INPUT DATA ::
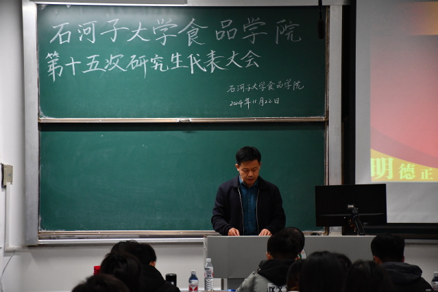 11月22日,我院第十五次研究生代表大会暨递补大会在绿3-203顺利举行,会议邀请学院党委副书记雷建鹏、校研究生会主席团成员徐磊及各学院研究生会主席团成员出席,共有来自食品学院的25名研究生代表参加本次会议。
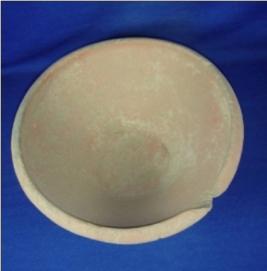 | Description / विवरण | Semi fine terracotta bowl with thick in turned rim, where a part is broken, round body flat circular base, some striation marks are seen in one body. |
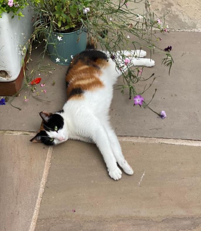 Cotty is a lovely adult female we took in last year from the 40+ cat colony we've been working hard to neuter for a few months now. When we took her to be spayed, the vet found she had no reproductive organs at all, but what she did have was an enlarged spleen and lymph nodes. This obviously cast doubt on being able to return her to the colony, in case she became ill. Being a timid but gentle girl who was quite settled with us, we decided to keep and monitor her... the right decision as she later developed hemolytic anaemia, a challenging condition which thankfully, after many blood tests and steroids (and some very large vet bills!!) seems to have things moving in the right direction for lovely Cotty.

WORK TO BE COMPLETED :: From the opening line of the listing above through the line bearing "one body. |", repeat each line exactly. Drop every picture.

EXERCISE ANSWER ::
 11月22日,我院第十五次研究生代表大会暨递补大会在绿3-203顺利举行,会议邀请学院党委副书记雷建鹏、校研究生会主席团成员徐磊及各学院研究生会主席团成员出席,共有来自食品学院的25名研究生代表参加本次会议。
 | Description / विवरण | Semi fine terracotta bowl with thick in turned rim, where a part is broken, round body flat circular base, some striation marks are seen in one body. |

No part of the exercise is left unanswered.